Handling and stability test of MRL.

Conclusions

As a lower cost and higher efficient biocatalyst, the as-prepared MRL in this work were developed for biodiesel production. The MRL’s morphology was observed by the measurement of AFM and the conjugate behavior of native TLL and Fe3O4−COOH nanoparticles was speculated. The analysis of FTIR spectra and the secondary structures of the MRL showed that TLL successfully conjugated on the surface of Fe3O4−COOH nanoparticles. After modified by Fe3O4−COOH nanoparticles, the MRL exhibited better temperature and pH resistance.

Furthermore, the yield of FAMEs was 82.20 % which was obtained under optimized reaction conditions: methanol/oil molar ratio of 4.0, 1.5 % water content as oil weight, the dosage of MRL of 9.0 % based on the amount of oil under 41 °C for 28 h. MRL could be separated easily by magnet and reused for at least 10 times. In conclusion, this work will be helpful for the industrial application of the MRL due to their simpler preparation, lower cost, moderate reaction and better reusability.

Author statement

The manuscript entitled “Magnetic responsive Thermomyces lanuginosus lipase for biodiesel

synthesis” was carefully revised to address all of the issues raised by our reviewers. Besides, we have also corrected some language problems and ways of description. We thank you and the reviewers for the many helpful and insightful comments on this work.
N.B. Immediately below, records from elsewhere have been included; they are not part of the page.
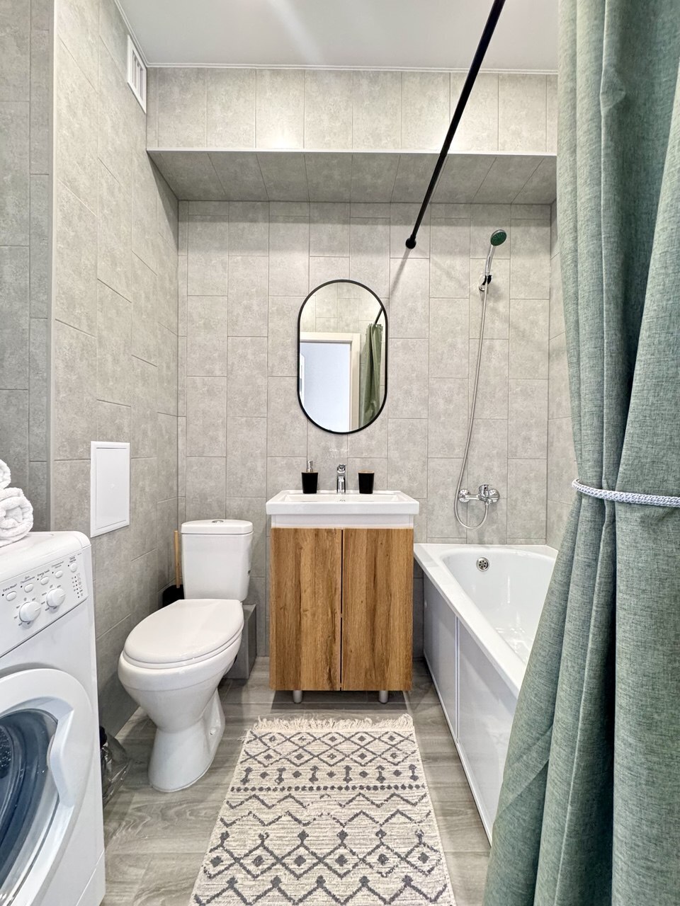 В квартире предусмотрены удобные спальные места: двуспальная кровать в спальной зоне и раскладывающийся диван в гостиной, обеспечивающий дополнительный комфорт. Полностью оборудованная кухня оснащена всем необходимым для приготовления и сервировки блюд. В ванной комнате установлена просторная ванна, подготовлены белоснежные полотенца и все средства личной гигиены.
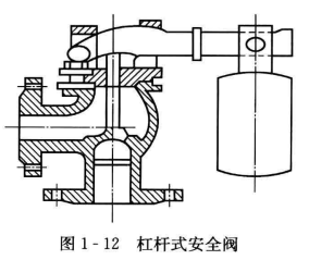 安全閥是在管網和其他設備所承受的壓力超過規定的情況時,為避免遭受破壞而裝設的附件,通常有彈簧式和杠桿式兩種,杠桿式安全閥如圖1-12所示。
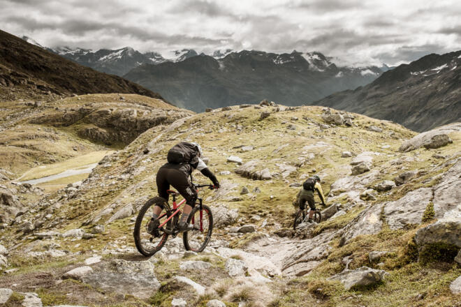 Das hochalpine Naturtrail-Highlight der BIKE REPUBLIC SÖLDEN startet am Tiefenbachgletscher. Es ist ein tiefschwarzes Spektakel in anspruchsvollem, exponiertem Gelände.

Please find below in this letter our point-by-point response to all the raised issues. Please note that in the following sections the reviewers’ comments are presented in black, and our responses follow in blue (major changes are also marked in blue in the manuscript). We hope that these responses and the corresponding revision make our revised manuscript suitable for publication in the Materials Today Communications.

P.S.: The COVID-19 pandemic is breaking out in many parts of the world and spreading rapidly, please take care.

Declaration of Competing Interest

The authors declare that they have no known competing financial interests or personal relationships that could have appeared to influence the work reported in this paper.